The three methods are effectively linear over this range of problem sizes.

And their run times are about the same, with quicksort being the fastest, despite being the one with the worst asympotic performance in the worst case.

## Implementing Merge Sort#

```
def merge_sort_norec(xs):
N = len(xs)
left = xs[:N//2]
right = xs[N//2:]
left.sort()
right.sort()
return merge(left, right)
```

This version breaks the array in half, uses `np.sort`

to sort the two halves, then uses merge to put the halves together.

**Exercise:** Write a function called `merge`

that takes two sorted NumPy arrays, `left`

and `right`

, and returns a new array that contains all elements from `left`

and `right`

, sorted. (where “sorted” means in ascending order, or non-decreasing, to be more precise).

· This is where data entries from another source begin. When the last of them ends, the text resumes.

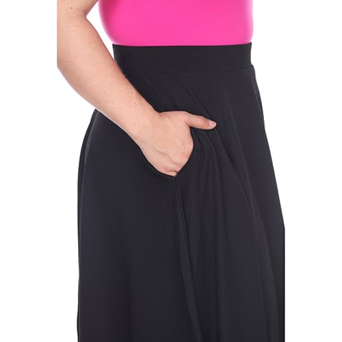 This adorable Plus Size White Mark Tasmin flare midi skirt will be your new go to item all year round! This skirt features a solid color and textured Liverpool fabric that is sure to draw attention. It is comfortable on the waist due to the elastic waistband and flares out creating a feminine look. The skirt also has 2 front pockets that are both stylish and functional. 95% Polyester, 5% Spandex. Hand wash. Line dry.
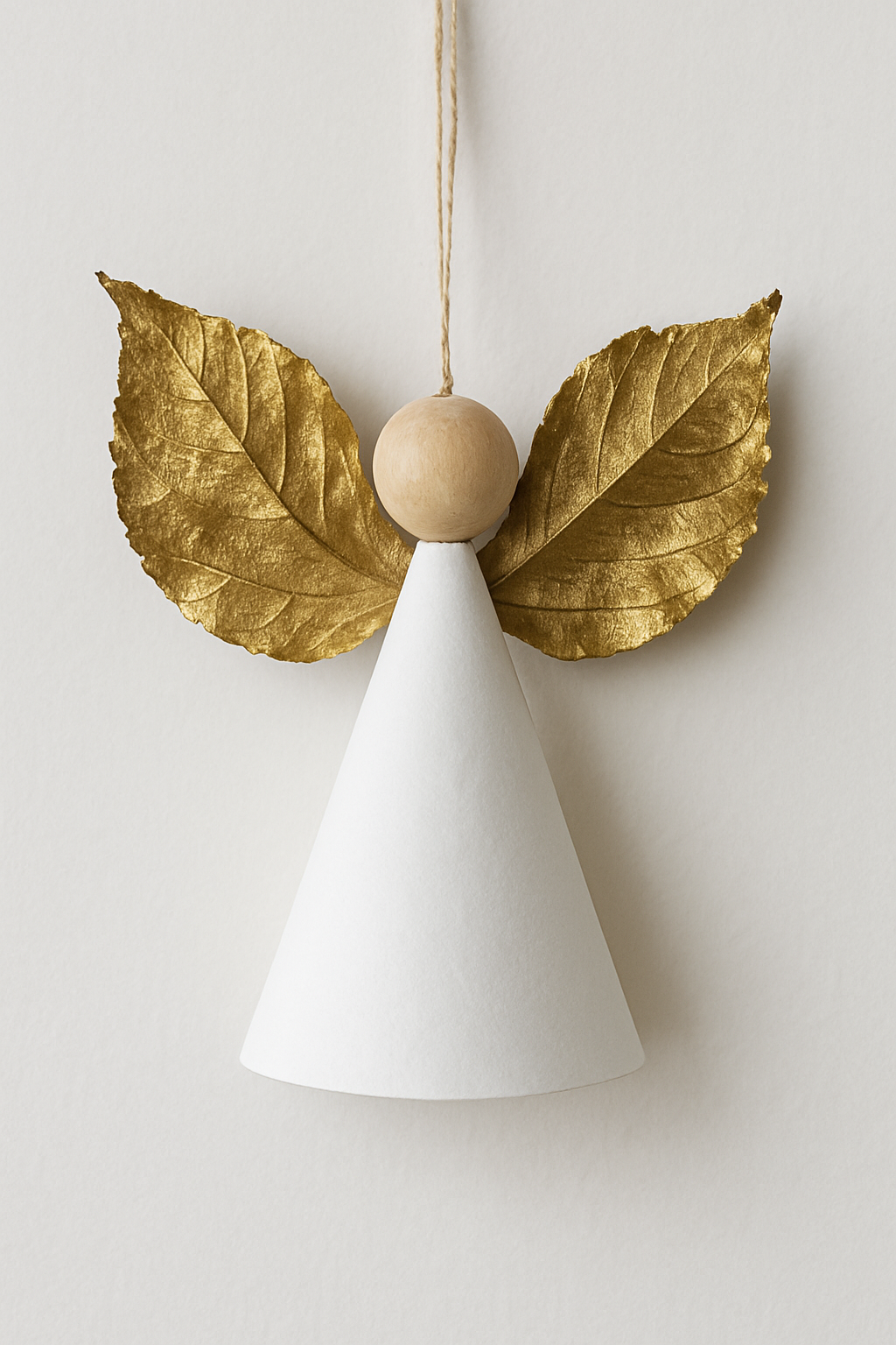 Uma folha seca e larga (como de plátano) é pintada de dourado para as asas. A cabeça é uma bolinha de madeira e o corpo um pequeno cone de papel. Um anjo etéreo e natural.
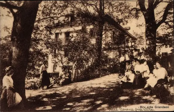 Ak Ems Bru Grandson Kanton Waadt, Frauen vor einer Villa
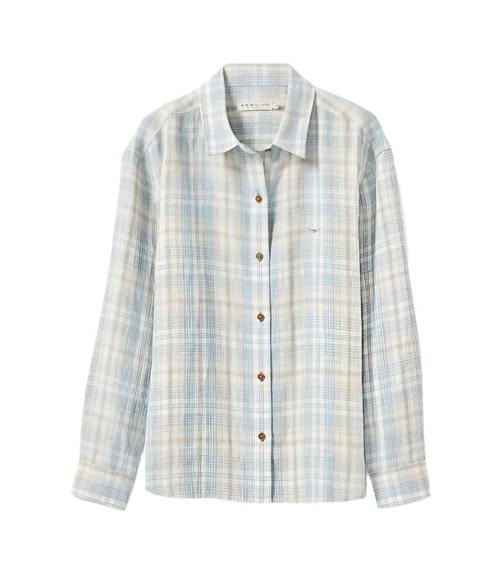 Add effortless style to your wardrobe with the women's R.M. Williams Hopeland Check Linen Shirt. This relaxed fit piece is crafted from premium yarn dyed French linen, offering a breathable and lightweight feel. The regular collar, front placket with contrast buttons, and full-length sleeves with single button cuffs lend a classic, polished look, while the curved hem adds a modern touch. Longhorn embroidery at the chest brings subtle branding to this timeless check pattern. Perfect for layering or wearing solo, this 100% linen shirt is an easy-going yet refined staple for any occasion.

Note: this function is not hard to write, but it is notoriously difficult to get all of the edge cases right without making the function unreadable. Take it as a challenge to write a version that is correct, concise, and readable.

```
np.empty(3)
```

```
array([ 0. , 28. , 104.25])
```

```
# Solution
def merge(left, right):
def dump(array, index):
res[k:] = array[index:]
return res
n, m = len(left), len(right)
res = np.empty(n + m)
i = 0
j = 0
for k in range(len(res)):
if i == n:
return dump(right, j)
if j == m:
return dump(left, i)
if left[i] < right[j]:
res[k], i = left[i], i+1
else:
res[k], j = right[j], j+1
return res
```

```
xs = np.random.random(10)
ys = np.random.random(10)
xs.sort()
ys.sort()
res = merge(xs, ys)
all(sorted(res) == res)
```

```
True
```

**Exercise:** Starting with `merge_sort_norec`

, write a function called `merge_sort_rec`

that’s fully recursive; that is, instead of using `numpy.sort`

to compute the DFTs of the halves, it should use `merge_sort_rec`

. Of course, you will need a base case to avoid an infinite recursion.

```
# Solution
def merge_sort_rec(xs):
N = len(xs)
if N < 2:
return xs
left = merge_sort_rec(xs[:N//2])
right = merge_sort_rec(xs[N//2:])
return merge(left, right)
```

Test your method by running the code in the next cell, then use `test_merge_sort_rec`

, below, to check the performance of your function.

```
xs = np.random.random(10)
res = merge_sort_rec(xs)
all(sorted(res) == res)
```

```
True
```

```
def test_merge_sort_rec(n):
xs = np.random.normal(size=n)
spectrum = merge_sort_rec(xs)
ns, ts = run_timing_test(test_merge_sort_rec)
plot_timing_test(ns, ts, 'test_merge_sort_rec', exp=1)
```

```
1024 0.019999999999999574
2048 0.019999999999999574
4096 0.040000000000000924
8192 0.05999999999999872
16384 0.16999999999999993
32768 0.3500000000000014
65536 0.7400000000000002
131072 1.4900000000000002
```

If things go according to plan, your implementation of merge sort should be close to linear, or a little steeper.